[Collection entries]
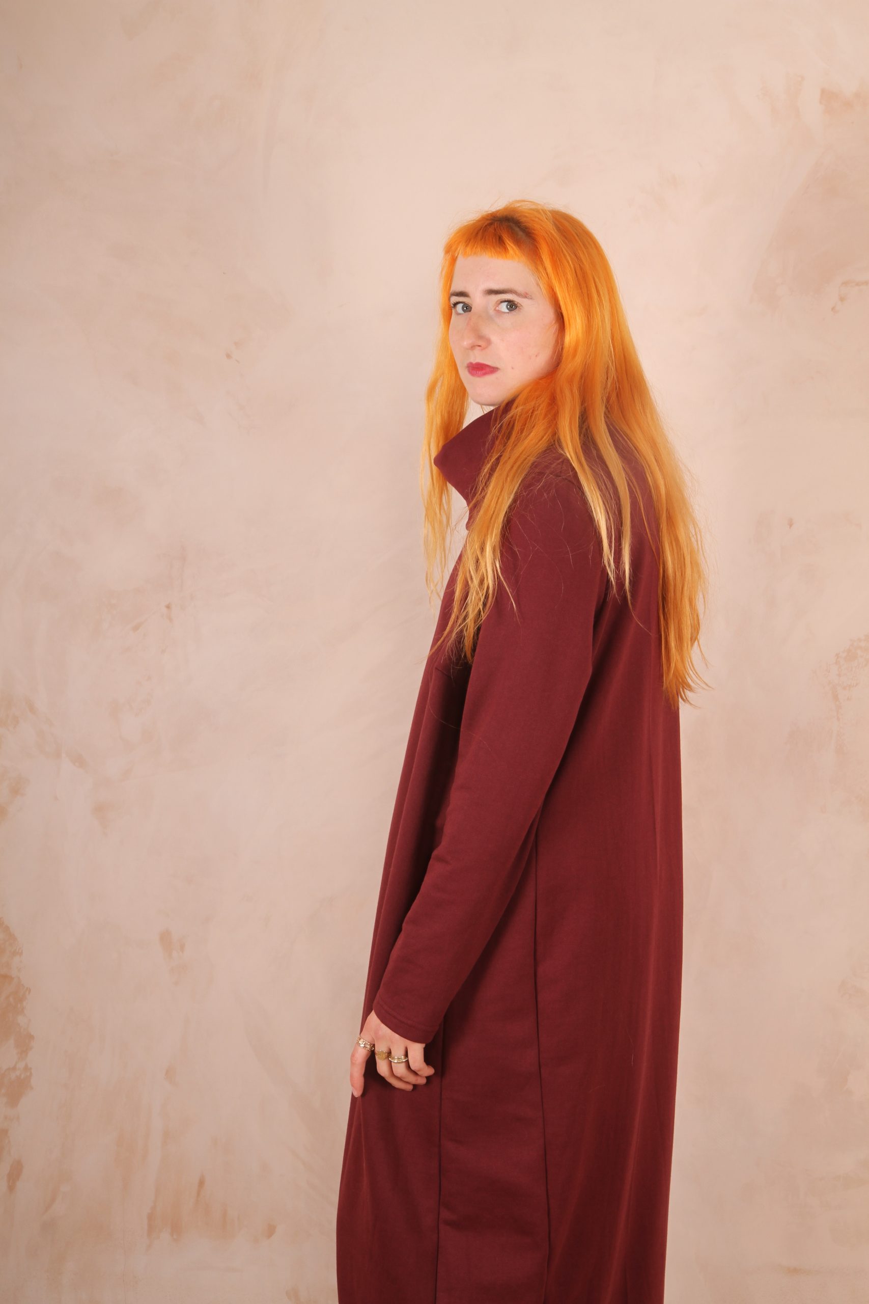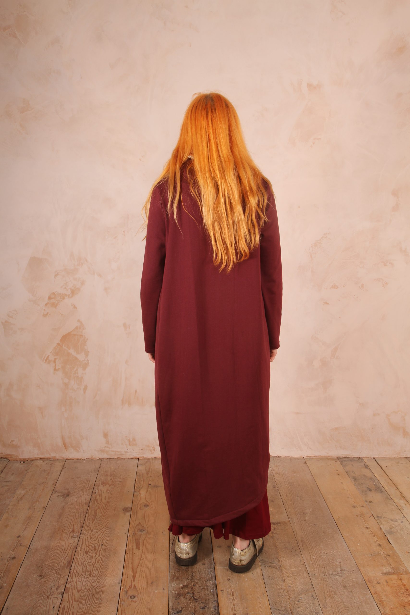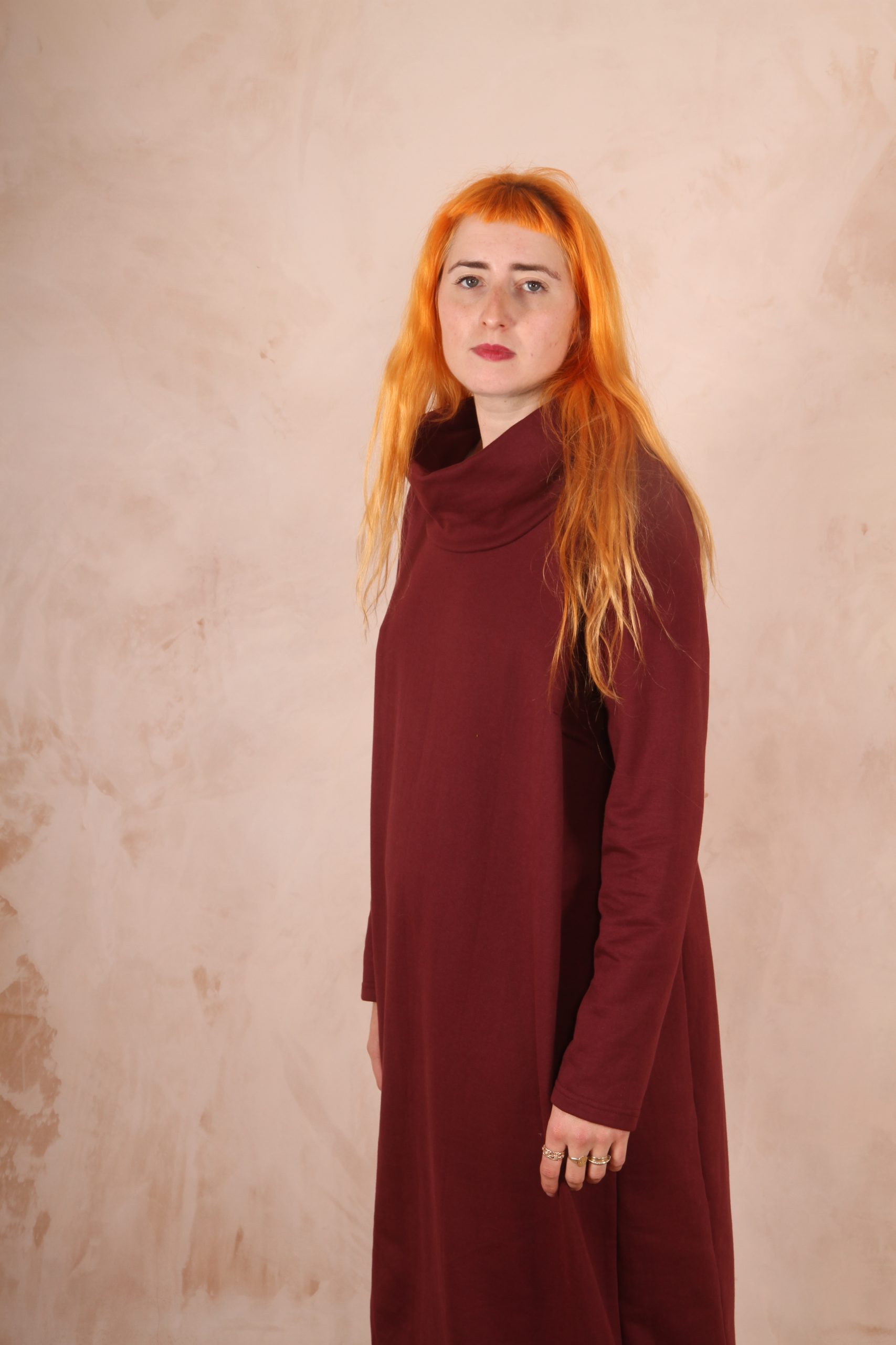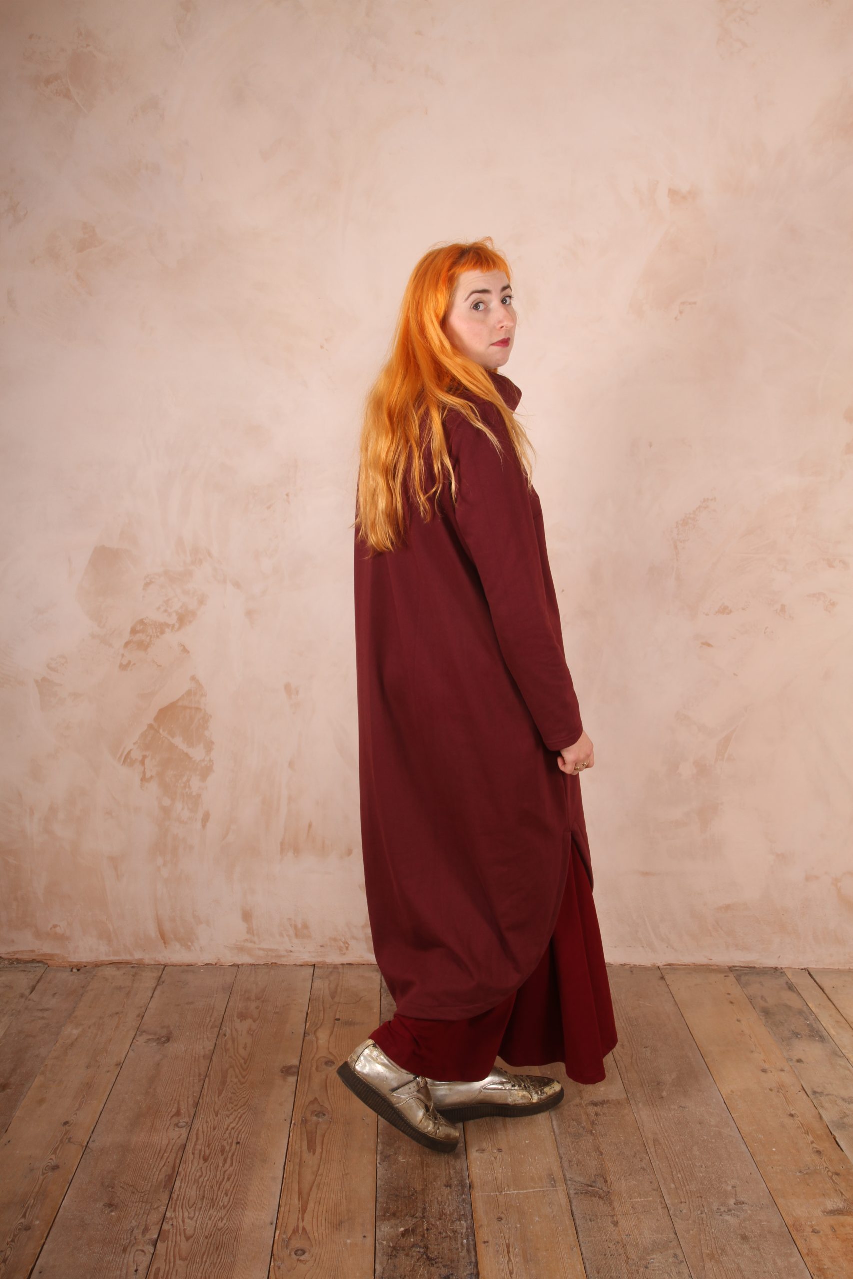The Anya Dress is the perfect dress for lounging at home and for winter trips out as it is the perfect length not to touch the ground and long enough to keep you warm and cozy.
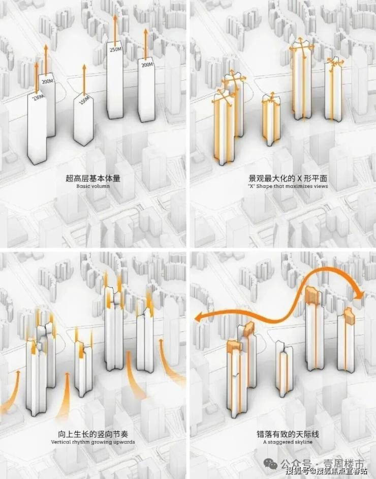 结合场地景观资源条件,团队提出一个反同质化的“X”形平面,作为住宅及公寓塔楼的平面原型。
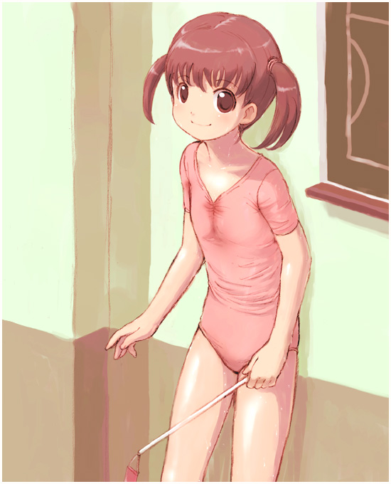 1girlagainst wallbrown eyesbrown hairchildfemale focusgymnasticsleaningleotardlooking at viewerrhythmic gymnasticsribbonribbon batonshort hairshort twintailssmilesolosweattwintails
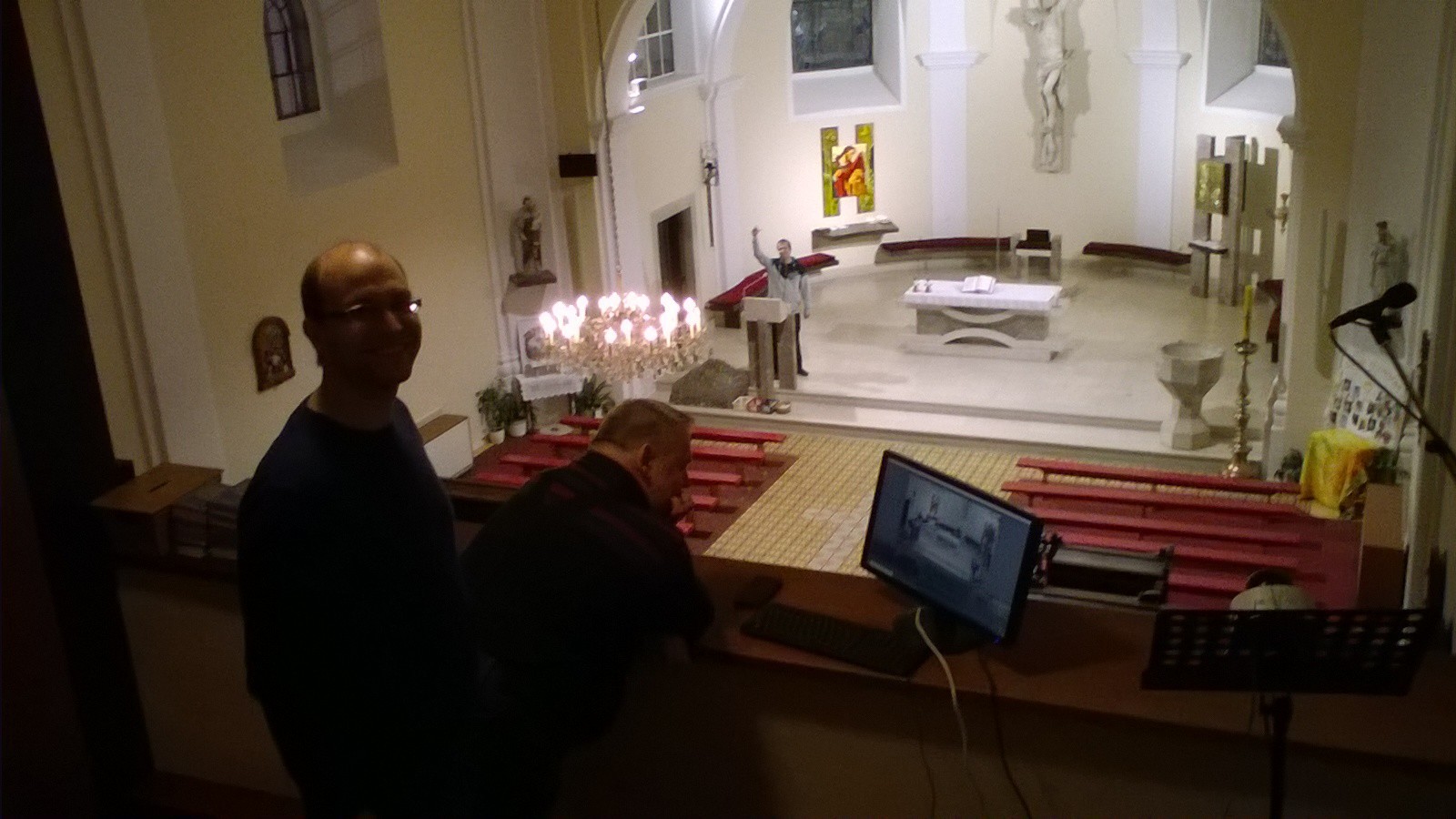 Ve čtvrtek 12.3.2020 proběhla příprava kostela na jeho uzavření pro veřejné bohoslužby a na jejich on-line přenosy. Počítáme s nimi od pátku 13.3.2020 a zahrneme do nich večerní bohoslužby ve všední dny a obě nedělní. Velký dík za instalaci zařízení a přenos signálu patří J. Šebelovi (Alfservis Blansko), M. Dyčkovi a V. Mrázkovi!!
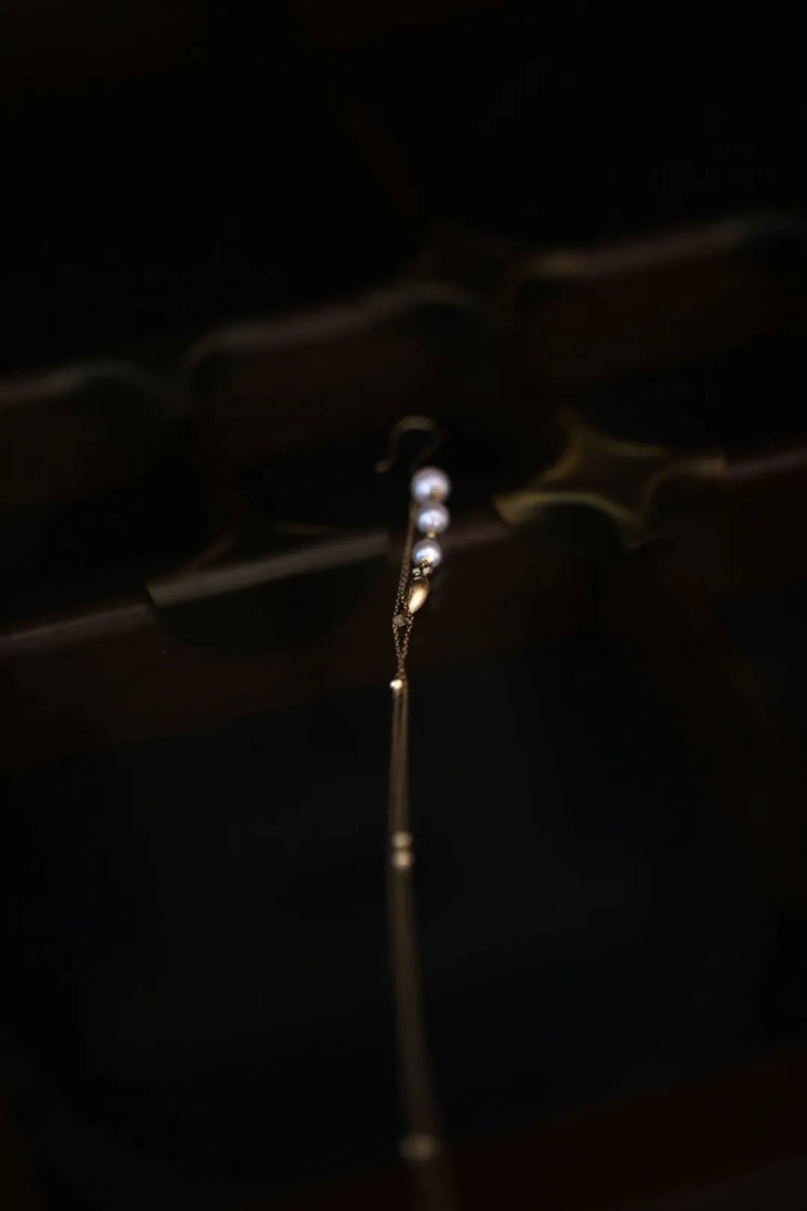 立体的3d黄金小鱼,配合三颗排列的akoya海珠,一正一反,但同样的长度,不对称中透出俏皮与和谐;
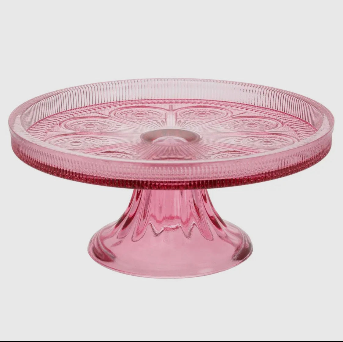 8.25" Dia Pink Codi Glass Cake Stand, 8.25" Dia x 3.5" H
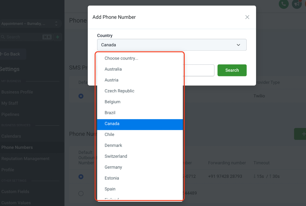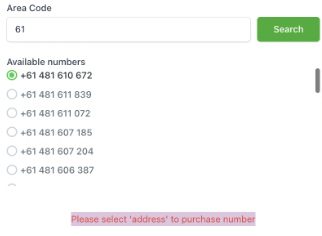 4. Choose a  phone number starting with an area code\ <br>
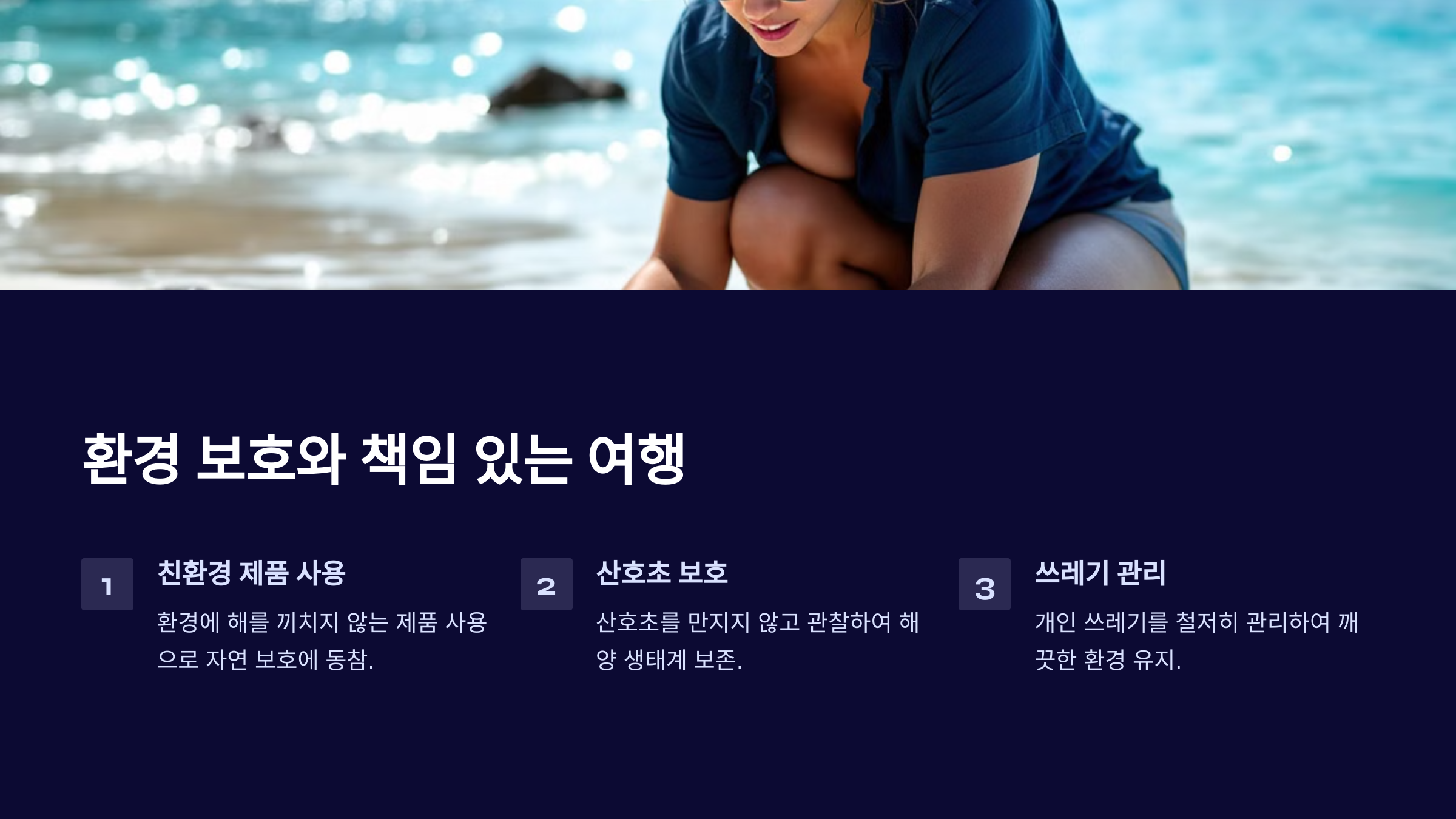 섬의 아름다움을 지속적으로 유지하기 위해 환경보호 규칙을 준수해야 합니다. 산호초를 만지거나 쓰레기를 버리는 행동을 피하고 자연을 존중하는 태도를 가져야 합니다.
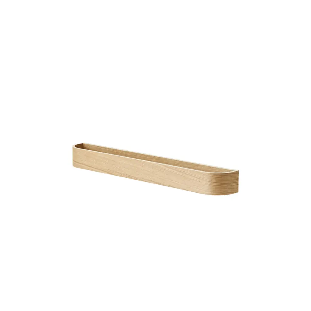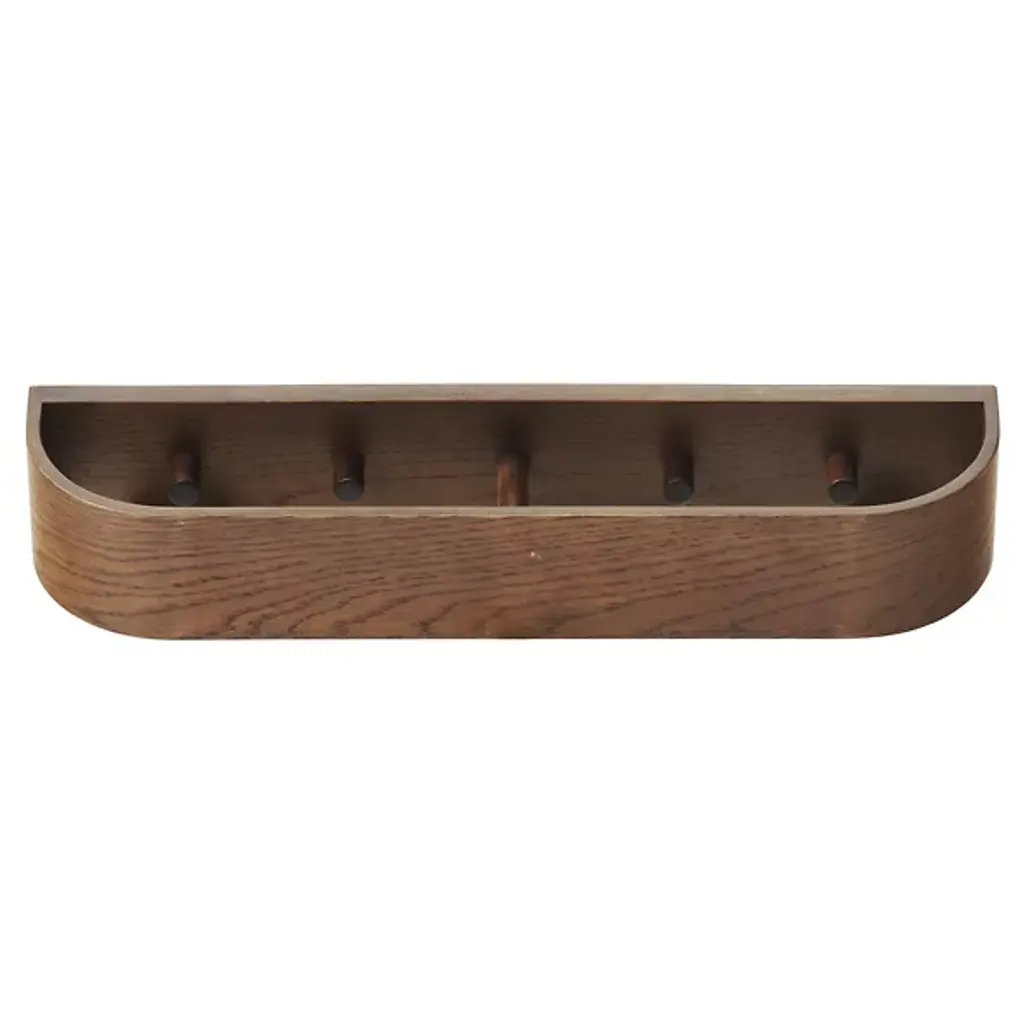 Audo Copenhagen's Epoch coat rack boasts an elegant design that emphasizes both form and functionality. Designed by Nina Bruun, the coat rack has its pegs hidden behind a gently curved slat of wood, infusing the space with a sense of calmness and serenity – the entrance often is not the tidiest of spaces. The wooden shelf is made of oak veneered plywood, with the natural warmth of the wood and the curved design language reinforcing the coat rack's serene impression.
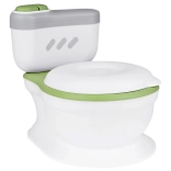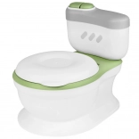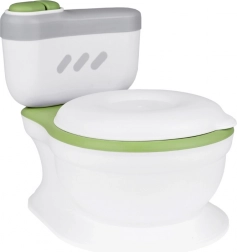 Interaktívny detský nočník v tvare skutočného WC spríjemní nácvik na toaletu vďaka realistickému zvuku splachovania a veselým melódiám. Má mäkké polstrované sedadlo, vyberateľnú nádobu na jednoduché čistenie a praktický zásobník na vlhčené obrúsky. Stabilná konštrukcia, pohodlné sedenie a tlačidlo imitujúce splachovanie robia z nočníka hravú a motivujúcu pomôcku na každodenný tréning.

Action item = The data above must be given back verbatim, minus its images.

Answer area =
The Anya Dress is the perfect dress for lounging at home and for winter trips out as it is the perfect length not to touch the ground and long enough to keep you warm and cozy.
 结合场地景观资源条件,团队提出一个反同质化的“X”形平面,作为住宅及公寓塔楼的平面原型。
 1girlagainst wallbrown eyesbrown hairchildfemale focusgymnasticsleaningleotardlooking at viewerrhythmic gymnasticsribbonribbon batonshort hairshort twintailssmilesolosweattwintails
 Ve čtvrtek 12.3.2020 proběhla příprava kostela na jeho uzavření pro veřejné bohoslužby a na jejich on-line přenosy. Počítáme s nimi od pátku 13.3.2020 a zahrneme do nich večerní bohoslužby ve všední dny a obě nedělní. Velký dík za instalaci zařízení a přenos signálu patří J. Šebelovi (Alfservis Blansko), M. Dyčkovi a V. Mrázkovi!!
 立体的3d黄金小鱼,配合三颗排列的akoya海珠,一正一反,但同样的长度,不对称中透出俏皮与和谐;
 8.25" Dia Pink Codi Glass Cake Stand, 8.25" Dia x 3.5" H
 4. Choose a  phone number starting with an area code\ <br>
 섬의 아름다움을 지속적으로 유지하기 위해 환경보호 규칙을 준수해야 합니다. 산호초를 만지거나 쓰레기를 버리는 행동을 피하고 자연을 존중하는 태도를 가져야 합니다.
 Audo Copenhagen's Epoch coat rack boasts an elegant design that emphasizes both form and functionality. Designed by Nina Bruun, the coat rack has its pegs hidden behind a gently curved slat of wood, infusing the space with a sense of calmness and serenity – the entrance often is not the tidiest of spaces. The wooden shelf is made of oak veneered plywood, with the natural warmth of the wood and the curved design language reinforcing the coat rack's serene impression.
 Interaktívny detský nočník v tvare skutočného WC spríjemní nácvik na toaletu vďaka realistickému zvuku splachovania a veselým melódiám. Má mäkké polstrované sedadlo, vyberateľnú nádobu na jednoduché čistenie a praktický zásobník na vlhčené obrúsky. Stabilná konštrukcia, pohodlné sedenie a tlačidlo imitujúce splachovanie robia z nočníka hravú a motivujúcu pomôcku na každodenný tréning.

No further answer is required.